▸ **WORK INSTRUCTIONS**
Would you restate each line of the data below word for word, without its pictures?

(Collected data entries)
*** Block opens ***

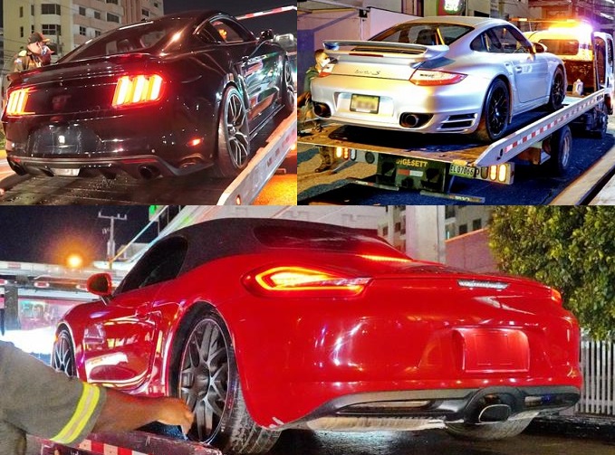 Entre los vehículos retenidos y fiscalizados por violar la Ley de Tránsito 63-17 se encuentran varios Porches, Ford Mustang, Jeepeta Range Rover, Mercedes Benz, BMW (carro y jeepeta), Audi, LEXUS, Doge y Jeepeta Volvo.
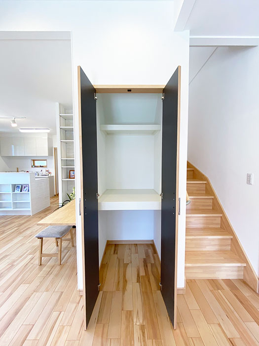 大切な書類やお子様のおもちゃ等をたっぷり収納できるスペースを確保しました。
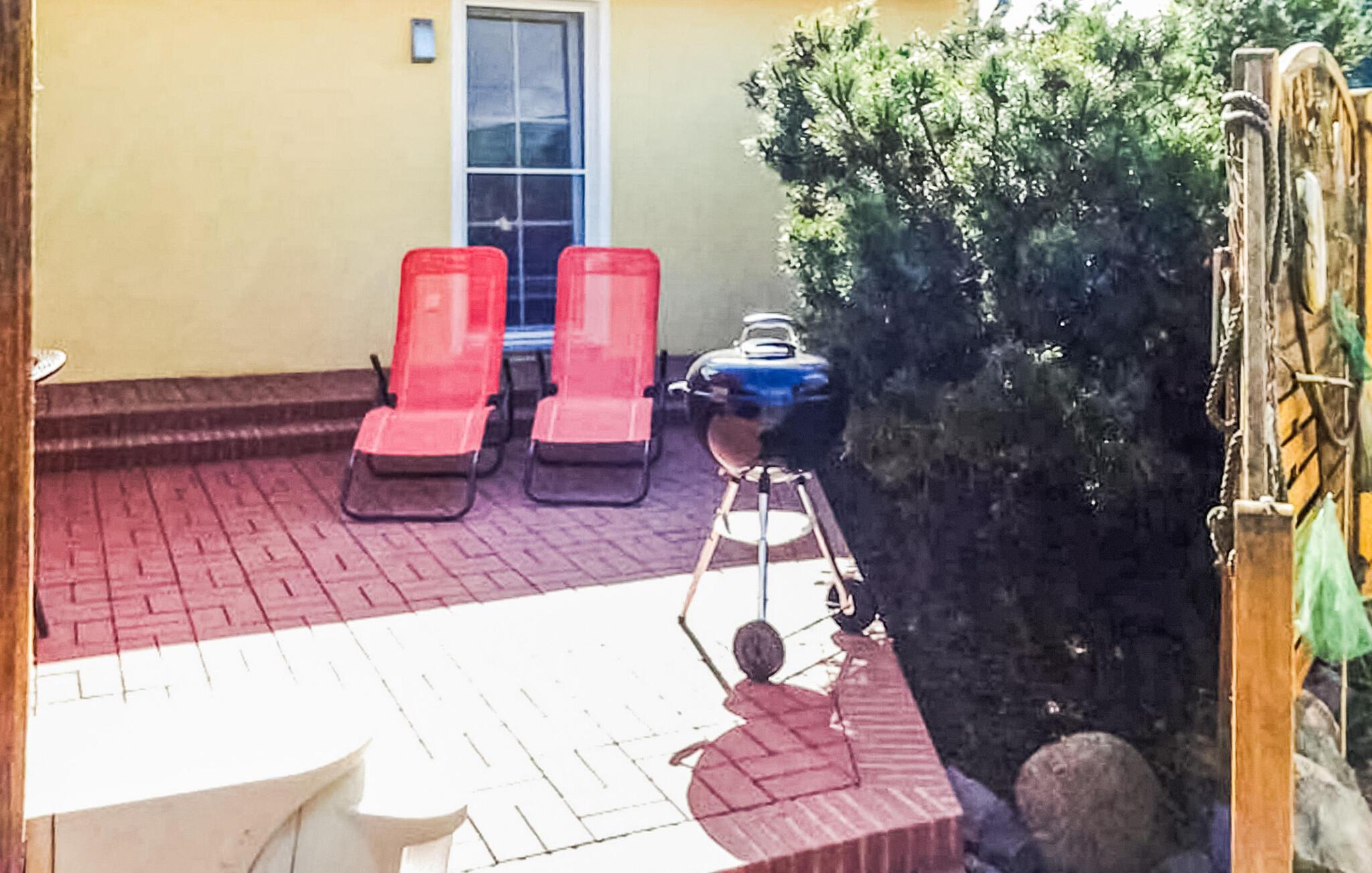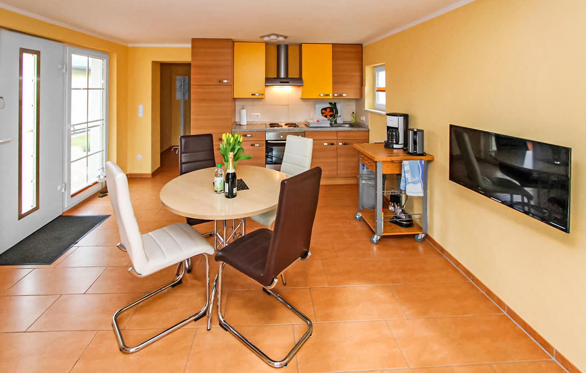 Det ene af to sommerhuse, der er beliggende hver for sig på ejerens 2.500 kvadratmeter, smukt anlagte boligejendom med central beliggenhed. Det er omkring 10 minutters gang til Østersøstranden. Butikker og restauranter ligger inden for få hundrede meter. Dette feriehus er udstyret med en stue (polstrede møbler, fladskærms-tv, pejs), to soveværelser (1 x som et sammenhængende værelse med en dobbeltseng, 1 x 2 enkeltsenge), et åbent køkken (elkomfur med ovn , køleskab med fryserum, spisebord, diverse køkkenmaskiner) samt badeværelse med brus/toilet. Hvert hus har to udendørs siddepladser, der vender modsatte retninger. Det betyder, at du kan nyde solen både om morgenen og om aftenen. Sommerhusene opvarmes med elvarmer (natvarmer). Internet (WLAN) er også tilgængeligt. Der er også liggestole, en grill, opbevaringsplads til cykler og en parkeringsplads til rådighed udenfor. Den samlede pris inkluderer slutrengøring, sengelinned, håndklæder samt vand- og energiforbrug. Østersøferiestedet Zinnowitz er underlagt en turistskat. BEMÆRK: Ejendommen er ikke egnet til børn under 10 år! Østersøferiestedet Zinnowitz med sin brede sandstrand og dens promenade fyldt med smukke villaer er en af de smukkeste badebyer på øen Usedom. Talrige restauranter, indkøbsmuligheder, en surf- og sejlerskole, et veludbygget netværk af cykelstier samt tennisbaner og et termisk spa giver mulighed for en varieret ferie. Spa-/kulturprogrammer finder sted regelmæssigt om sommeren. Højdepunktet er Vineta Festivalen, som opføres på friluftsscenen hele sommeren. Stedet har også en 300 m lang mole med dykkergondol. Herfra kan du tage bådture til andre badebyer så langt som til Polen.
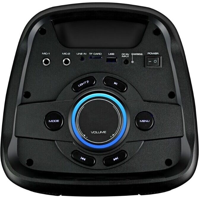 Выходная мощность (RMS) - 52Вт. ДИНАМИКИ: НЧ/СЧ - 2 х 6,5 дюймов, ВЧ - 1 х 2 дюйма. КАРАОКЕ функция - два микрофона. ДИНАМИЧЕСКАЯ RGB подсветка динамиков - 3 режима. ЭКВАЛАЙЗЕР: POP, ROCK, JAZZ, CLASSIC, FLAT. Аккумулятор 7,4V /3600 мАч и адаптер в комплекте. Bluetooth: V5.0. FM РАДИО: 87,5-108,0 МГц. АУДИО-ПЛЕЕР: USB-flash и микро SD-card. AUX: DC-jack 3,5 мм. Пульт дистанционного управления. Диапазон воспроизводимых частот - 60 Hz - 18 kHz.
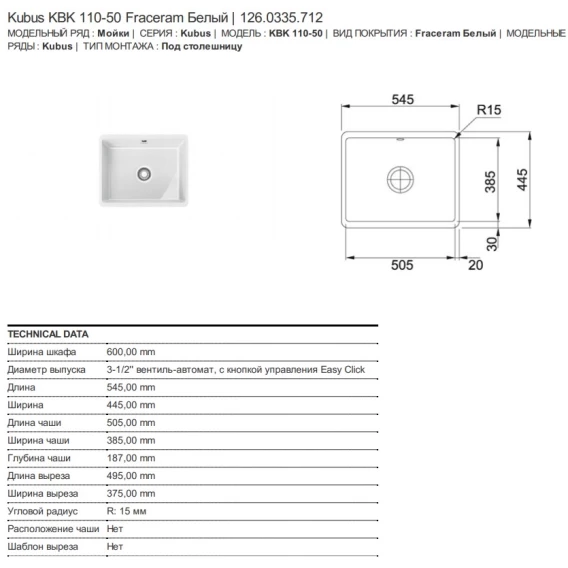 Кухонная мойка Fraceram Franke Kubus KBK 110-50 белый 126.0335.712
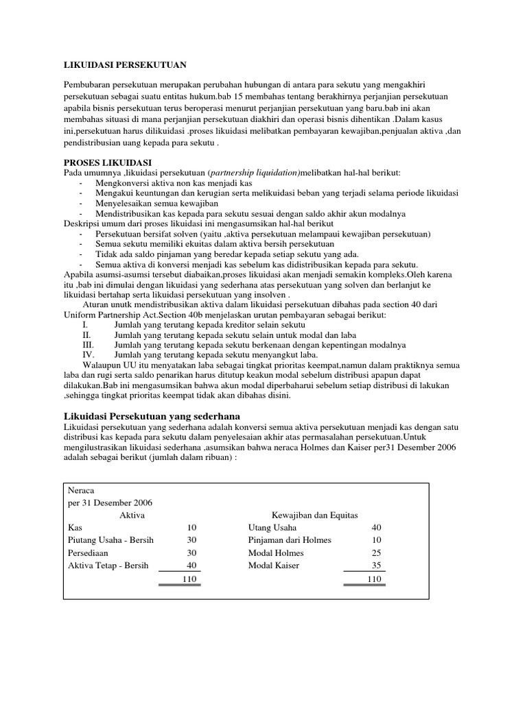 Dalam hal syarat pembubaran perusahaan telah terpenuhi, maka proses likuidasi diawali dengan ditunjuknya seorang atau lebih likuidator. Merger, konsolidasi dan akuisisi adalah salah satu strategi dalam dunia korporasi. Salah satu contoh perusahaan yang mengalami likuidasi di indonesia adalah pt pertamina trading limited (petral). Likuidasi persekutuan likuidasi adalah suatu keadaan dimana baik persekutuan maupun usaha perusahaannya dibubarkan semua. Wachowicz jr yang diterjemahkan oleh dewi fitriasari dan denny arnos kwari, restrukturisasi diikuti dengan adanya perubahan dalam struktur modal, operasi, atau kepemilikan perusahaan yang merupakan rutinitas usahanya.
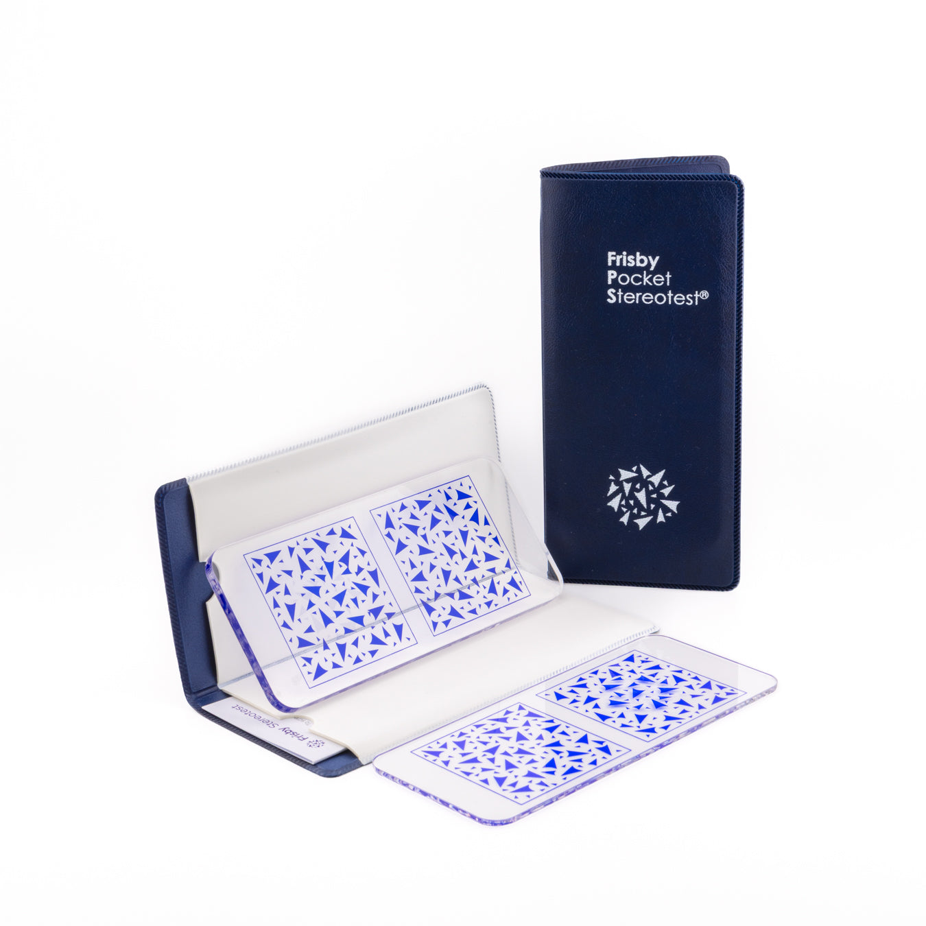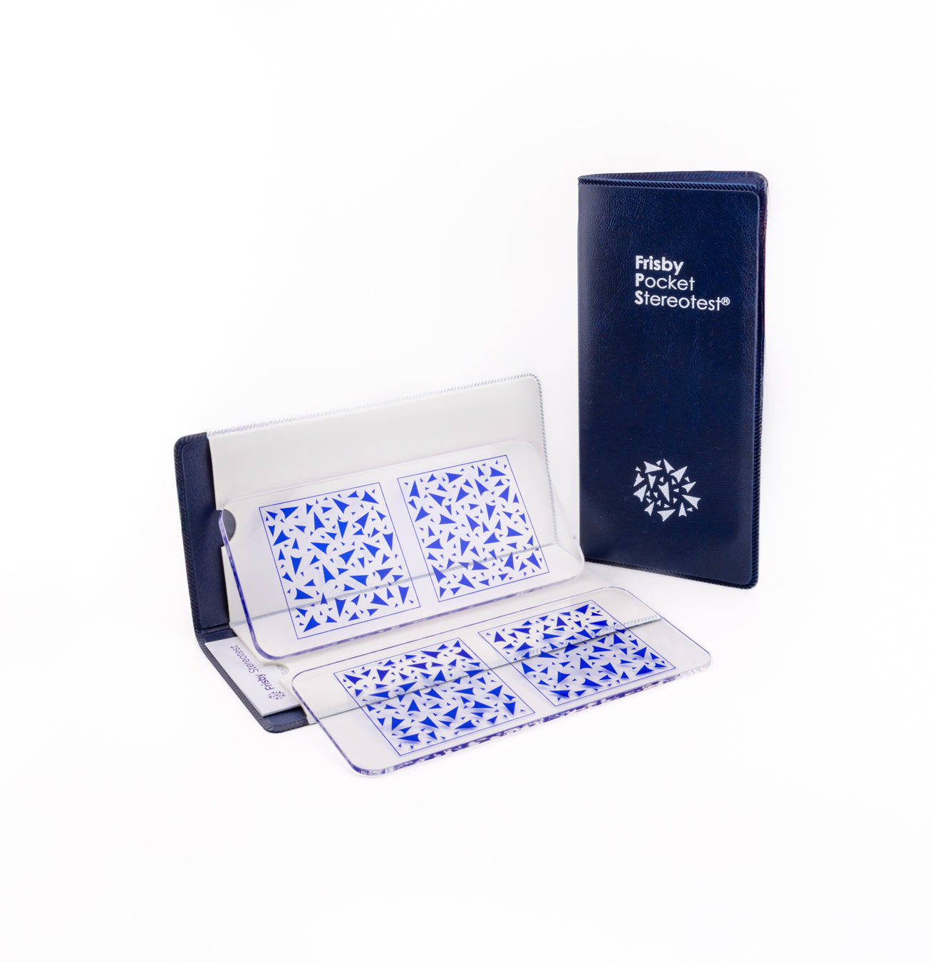 The Frisby Stereotest is a free-space, real depth stereotest. The plates have two random texture patterns, with a hidden circular shape in one. The patient has to decide in which pattern the hidden shape lies.

*** Block closes ***

▸ **EXERCISE OUTPUT**
 Entre los vehículos retenidos y fiscalizados por violar la Ley de Tránsito 63-17 se encuentran varios Porches, Ford Mustang, Jeepeta Range Rover, Mercedes Benz, BMW (carro y jeepeta), Audi, LEXUS, Doge y Jeepeta Volvo.
 大切な書類やお子様のおもちゃ等をたっぷり収納できるスペースを確保しました。
 Det ene af to sommerhuse, der er beliggende hver for sig på ejerens 2.500 kvadratmeter, smukt anlagte boligejendom med central beliggenhed. Det er omkring 10 minutters gang til Østersøstranden. Butikker og restauranter ligger inden for få hundrede meter. Dette feriehus er udstyret med en stue (polstrede møbler, fladskærms-tv, pejs), to soveværelser (1 x som et sammenhængende værelse med en dobbeltseng, 1 x 2 enkeltsenge), et åbent køkken (elkomfur med ovn , køleskab med fryserum, spisebord, diverse køkkenmaskiner) samt badeværelse med brus/toilet. Hvert hus har to udendørs siddepladser, der vender modsatte retninger. Det betyder, at du kan nyde solen både om morgenen og om aftenen. Sommerhusene opvarmes med elvarmer (natvarmer). Internet (WLAN) er også tilgængeligt. Der er også liggestole, en grill, opbevaringsplads til cykler og en parkeringsplads til rådighed udenfor. Den samlede pris inkluderer slutrengøring, sengelinned, håndklæder samt vand- og energiforbrug. Østersøferiestedet Zinnowitz er underlagt en turistskat. BEMÆRK: Ejendommen er ikke egnet til børn under 10 år! Østersøferiestedet Zinnowitz med sin brede sandstrand og dens promenade fyldt med smukke villaer er en af de smukkeste badebyer på øen Usedom. Talrige restauranter, indkøbsmuligheder, en surf- og sejlerskole, et veludbygget netværk af cykelstier samt tennisbaner og et termisk spa giver mulighed for en varieret ferie. Spa-/kulturprogrammer finder sted regelmæssigt om sommeren. Højdepunktet er Vineta Festivalen, som opføres på friluftsscenen hele sommeren. Stedet har også en 300 m lang mole med dykkergondol. Herfra kan du tage bådture til andre badebyer så langt som til Polen.
 Выходная мощность (RMS) - 52Вт. ДИНАМИКИ: НЧ/СЧ - 2 х 6,5 дюймов, ВЧ - 1 х 2 дюйма. КАРАОКЕ функция - два микрофона. ДИНАМИЧЕСКАЯ RGB подсветка динамиков - 3 режима. ЭКВАЛАЙЗЕР: POP, ROCK, JAZZ, CLASSIC, FLAT. Аккумулятор 7,4V /3600 мАч и адаптер в комплекте. Bluetooth: V5.0. FM РАДИО: 87,5-108,0 МГц. АУДИО-ПЛЕЕР: USB-flash и микро SD-card. AUX: DC-jack 3,5 мм. Пульт дистанционного управления. Диапазон воспроизводимых частот - 60 Hz - 18 kHz.
 Кухонная мойка Fraceram Franke Kubus KBK 110-50 белый 126.0335.712
 Dalam hal syarat pembubaran perusahaan telah terpenuhi, maka proses likuidasi diawali dengan ditunjuknya seorang atau lebih likuidator. Merger, konsolidasi dan akuisisi adalah salah satu strategi dalam dunia korporasi. Salah satu contoh perusahaan yang mengalami likuidasi di indonesia adalah pt pertamina trading limited (petral). Likuidasi persekutuan likuidasi adalah suatu keadaan dimana baik persekutuan maupun usaha perusahaannya dibubarkan semua. Wachowicz jr yang diterjemahkan oleh dewi fitriasari dan denny arnos kwari, restrukturisasi diikuti dengan adanya perubahan dalam struktur modal, operasi, atau kepemilikan perusahaan yang merupakan rutinitas usahanya.
 The Frisby Stereotest is a free-space, real depth stereotest. The plates have two random texture patterns, with a hidden circular shape in one. The patient has to decide in which pattern the hidden shape lies.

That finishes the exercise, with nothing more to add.